Python's does not have any built-in or standard library module for doing this.
However if you only care for simple control characters like \r, \b and \n you can write a simple function to handle this:
def interpret(text):
lines = []
current_line = []
for char in text:
if char == '\n':
lines.append(''.join(current_line))
current_line = []
elif char == '\r':
current_line.clear()
# del current_line[:] # in old python versions
elif char == '\b':
del current_line[-1:]
else:
current_line.append(char)
if current_line:
lines.append(current_line)
return '\n'.join(lines)
You can extend the function handling any control character you want. For example you might want to ignore some control characters that don't get actually displayed in a terminal (e.g. the bell \a)
UPDATE: after 30 minutes of asking for clarifications and an example string, we find the question is actually quite different: "How to repeatedly apply formatting control characters (backspace) to a Python string?"

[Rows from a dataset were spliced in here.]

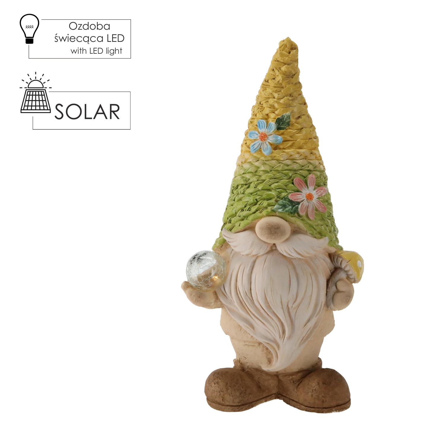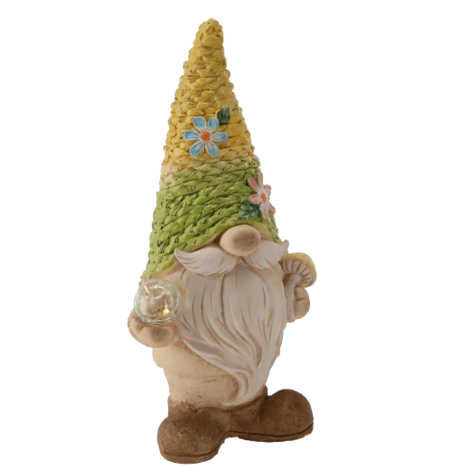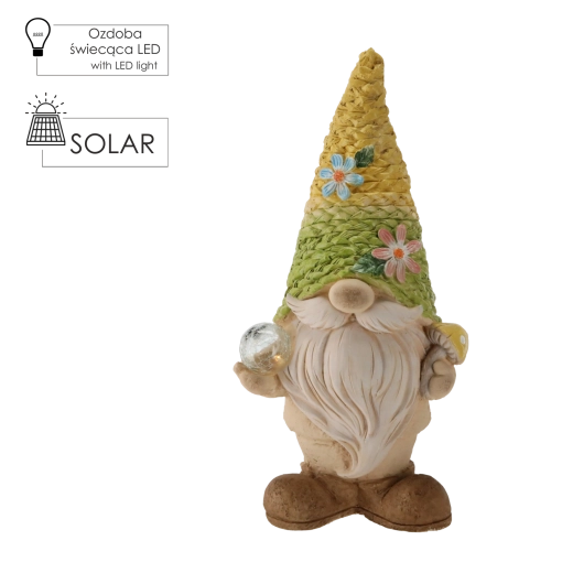 Deze charmante tuinkabouter met een gedetailleerd “gebreide” hoed geeft je buitenruimte een eigen karakter. Dankzij de geïntegreerde LED’s zorgt hij na zonsondergang voor een aangename sfeer en wordt hij een blikvanger in je tuin, op je terras of balkon.
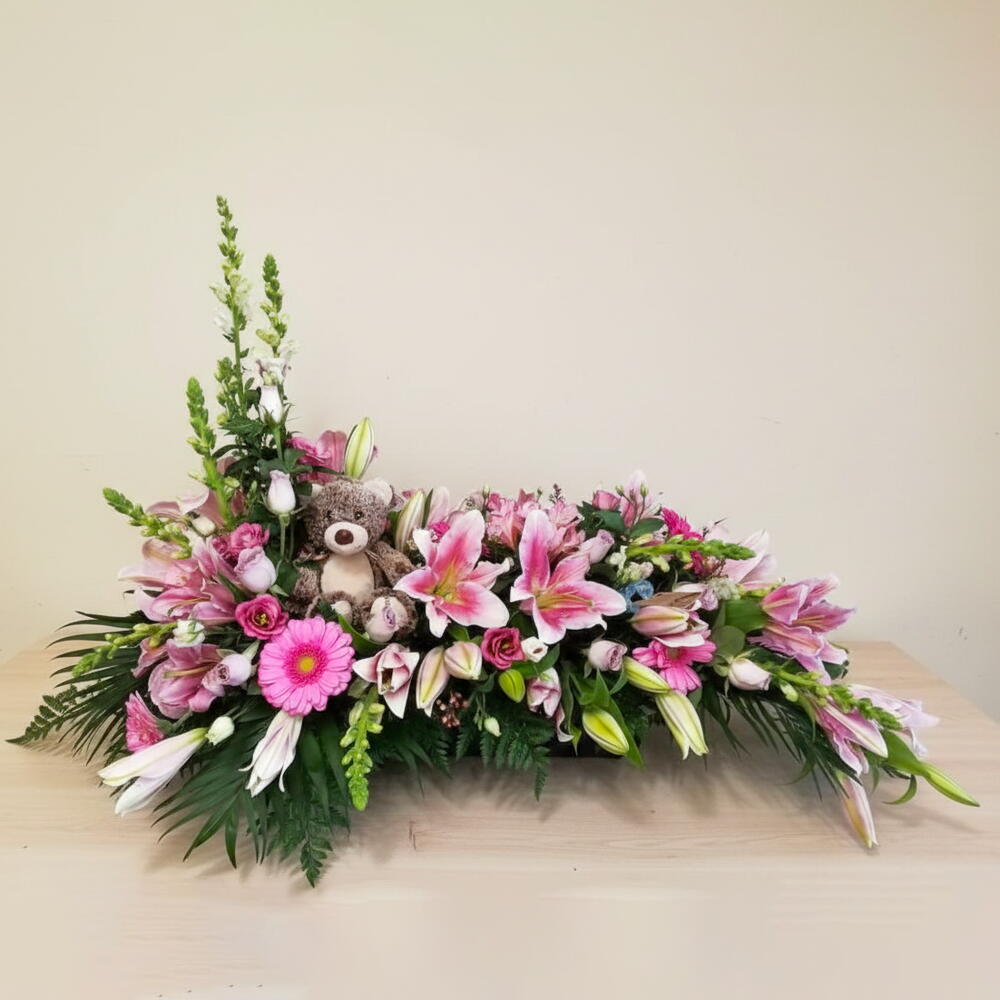 The arrangement “Ternura Rosada” is a sweet explosion of love and delicacy, ideal for welcoming a new baby or celebrating a special occasion with tenderness. Its pink lilies, open and in bud, fill the room with a soft fragrance, while the roses and gerberas bring joy and color. The small plush teddy bear in the center adds a charming touch that will make anyone smile. Each flower has been lovingly selected to convey warmth, purity and affection. It is the perfect gift for a maternity, a child's birthday or to express sincere love. A harmonious combination of flowers and tenderness that leaves a mark on the heart.
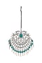 Silver Plated Faux Diamond & Green Pearl Maang Tikka
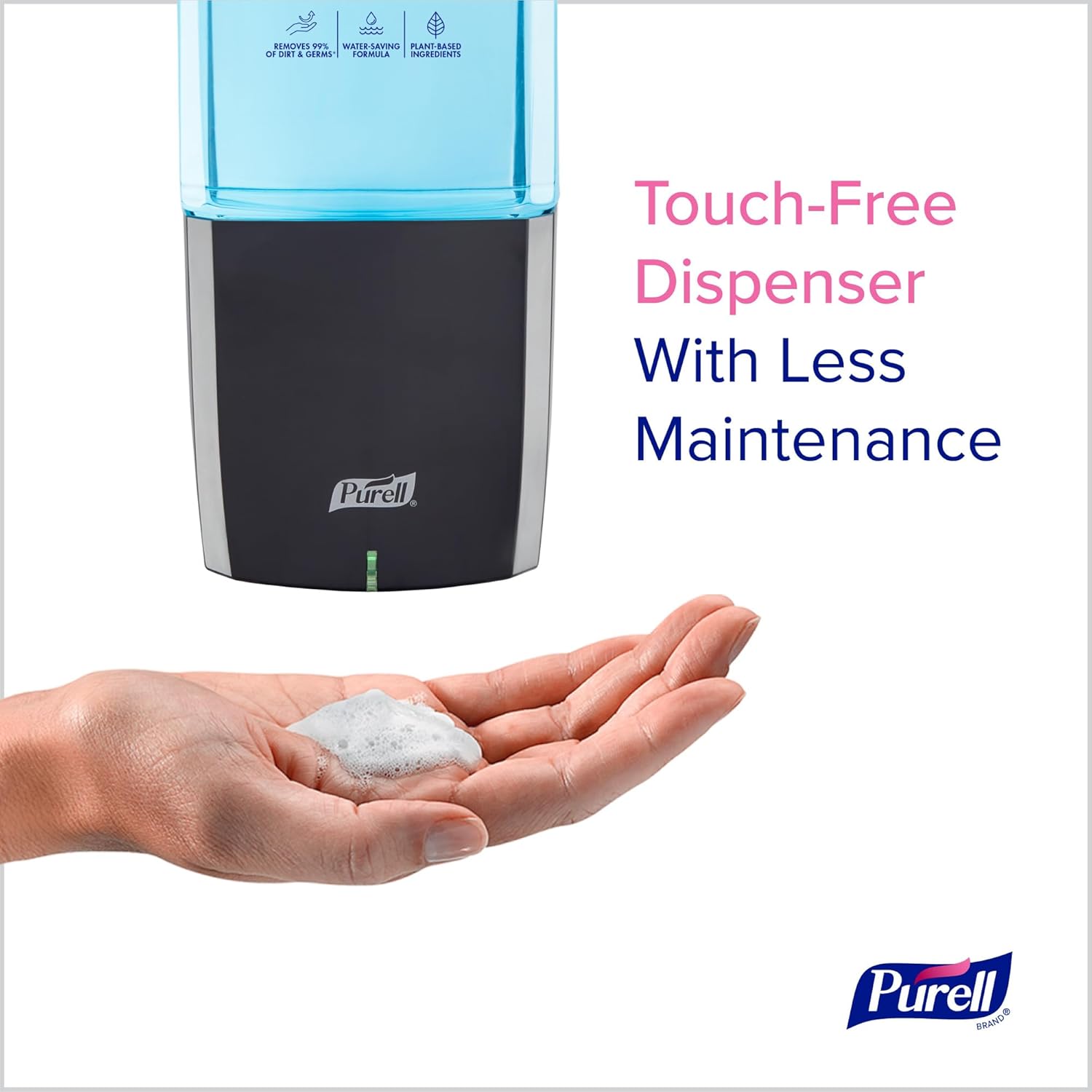 The PURELL ES10 Automatic Hand Soap Dispenser Starter Kit with PURELL HEALTHY SOAP with CLEAN RELEASE Technology requires less maintenance thanks to a fresh battery built into every refill, so you never have to change or buy batteries!* Plus, transparent refills make it easy to check product levels without opening the dispenser. Each refill has 30% less plastic and 38% lower greenhouse gas emissions.** The refill bottle, collar, and AA battery are easy to pull apart and recycle. The ES10 dispenser has a slim profile that fits in tight spaces and quietly dispenses highly effective, rich foam hand soap, delivering more ways to impress. PURELL HEALTHY SOAP with CLEAN RELEASE Technology Fragrance-Free Foam cleans better than regular soap***without irritating ingredients. The patented PURELL formula reaches into skin’s cracks and crevices 2X better than regular soap to lift away more than 99% of dirt and germs. You can see the difference as it rinses quickly and cleanly, saving time and water. Case Includes: 1 — PURELL ES10 Automatic Hand Soap Dispenser in Graphite can be mounted with included adhesive tape or screws (not included). Dispenser dimensions are 10.31” h x 4.33” w x 3.96” l. Includes one 1200 mL PURELL HEALTHY SOAP with CLEAN RELEASE Technology Fragrance-Free Foam refill. GOJO is proud to be certified as a Women’s Business Enterprise by the Women’s Business Enterprise National Council (WBENC). *Under normal usage conditions. **Compared with PURELL ES8 Dispensing System.***All references to regular soap are based on our top-selling non-antibacterial soap.
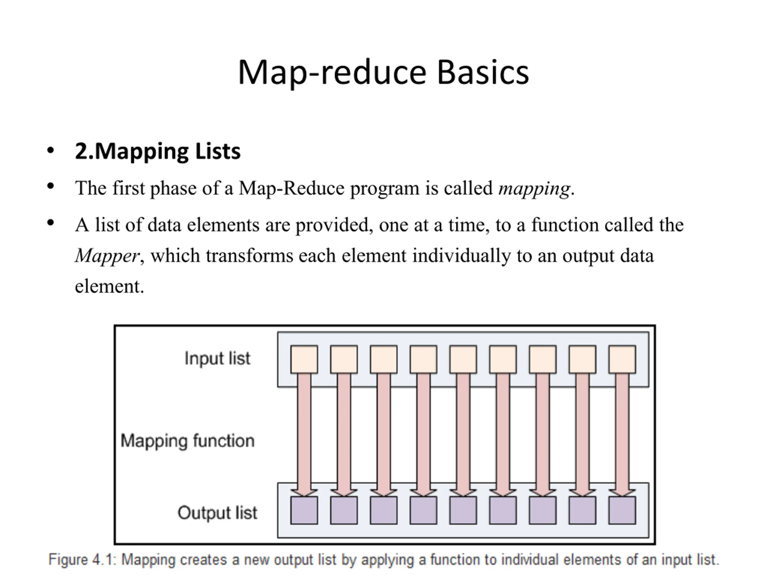 Map-reduce Basics 2.Mapping Lists The first phase of a Map-Reduce program is called mapping. A list of data elements are provided, one at a time, to a function called the Mapper, which transforms each element individually to an output data element.

In that case yes you apparently need to apply the regex/fn repeatedly until you stop getting matches.
SOLUTION:
import re
def repeated_re_sub(pattern, sub, s, flags=re.U):
"""Match-and-replace repeatedly until we run out of matches..."""
patc = re.compile(pattern, flags)
sold = ''
while sold != s:
sold = s
print "patc=>%s< sold=>%s< s=>%s<" % (patc,sold,s)
s = patc.sub(sub, sold)
#print help(patc.sub)
return s
print repeated_re_sub('[^\b]\b', '', 'abc\b\x08de\b\bfg')
#print repeated_re_sub('.\b', '', 'abcd\b\x08e\b\bfg')
[multiple previous answers, asking for clarifications and pointing out that both re.sub(...) or string.replace(...) could be used to solve the problem, non-recursively.]